Outcome one – consumers shop around for mortgages

  • The number of people obtaining product information from more than one firm has increased from 75 per cent in 2004 (Source: Council of Mortgage Lenders (CML)) to 77 per cent in 2006 (Quantitative research).
  • Consumers are able to identify the key risks and features of mortgage products and compare mortgages using Key Facts Illustrations (KFIs) (Qualitative research).
  • Average interview length – 47 minutes face-to-face and 28 minutes over the telephone. 61 per cent felt the interview length was ‘about right’ and 21 per cent felt it was slightly short (Mystery shopping).
  • Outcome two – consumers understand the difference between advice and information
  • Shoppers could understand whether they have received advice or information only when they received Initial Disclosure Documents (IDD) (Mystery shopping).
  • Consumers find the IDD a useful and accessible document, and can identify and discuss key messages about the level and scope of service (Qualitative research).
  • Outcome three – consumers better understand the risks and features of the mortgages they take out, including affordability
  • Consumers can use the KFI to identify and discuss the risks associated with taking out a mortgage; they felt it was a useful prompt for further questions (Qualitative research).
  • 26 per cent of consumers who definitely recalled receiving a KFI confirmed it had made them consider the risks of taking out the product, and 37 per cent used it to decide if it was the right mortgage for them (Quantitative research).
Outcome four – consumers take out suitable and good value mortgages

The FSA’s analysis suggests consumers have continued to ‘make efficient purchasing decisions since regulation, although there is no evidence of an increase in efficiency’. The FSA says it has found ‘price dispersion remains fairly constant and there is evidence of an increase in prices’. This, the FSA says, could be put down to a competitive market and firms passing on the costs of regulation to borrowers.

The FSA does say consumers who want the best deal ‘generally need to shop around, or go to a broker who will search the market for them’. It asked consumers which information and advice sources they found helpful when considering which mortgage to take.
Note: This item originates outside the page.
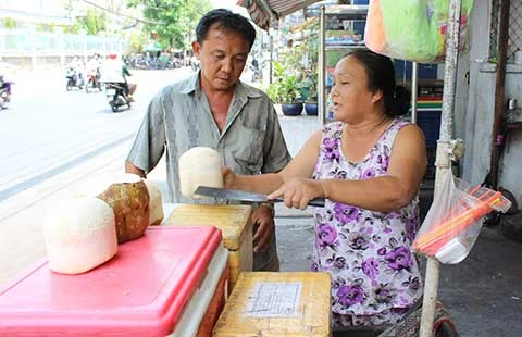 Chị Vân đang bày anh Thành cách chặt trái dừa sao cho không bị đổ nước ra ngoài. Ảnh: H.LAN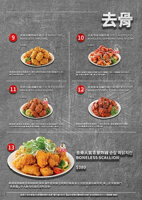 光是全雞就有八種口味不想沾手的懶人們可選去骨炸雞XD

Of greatest importance were IFAs and intermediaries. 57 per cent of consumers used an intermediary – an increase on 2003 where the figure for a similar survey (Source: GfK FRS) was 42 per cent. Product sales data (PSD) from lenders shows that ‘intermediated sales now represent approximately 58 per cent of the market’. Pleasingly, 94 per cent of mystery shoppers who saw a broker thought the firm was professional and 78 per cent would recommend the broker they saw. The positive impact of mortgage brokers in the market can be seen from these figures.

The conclusions only relate to the prime mortgage market but overall, the FSA says ‘where firms comply with the requirements set out in MCOB’ the mortgage regime is operating effectively. The FSA says there are ‘pockets of non-compliance’ and is disappointed that some of these ‘relate to the basic requirements of the disclosure regime’.

The pleasing news is there will be no MCOB changes as a result of stage one of this review. The FSA is ‘mindful that any future changes to MCOB will need to take account of any proposals in the European Commission’s White Paper on mortgages due in 2007’. The FSA will be discussing with stakeholders any areas of MCOB which could be simplified alongside its move to a more principles-based regulatory regime. AMI has long supported the need for industry stability at this time and believe the FSA’s decision not to make any changes is the right one. The FSA clearly has one eye on the White Paper and has decided to hold any potential MCOB changes until its publication.

We feel it would have been of more benefit if the FSA had compared pre-regulation advice and sales with the post-regulation process. This would have given the industry a better idea of the impact of regulation and whether consumers were seeing the true benefits the rules were supposed to bring.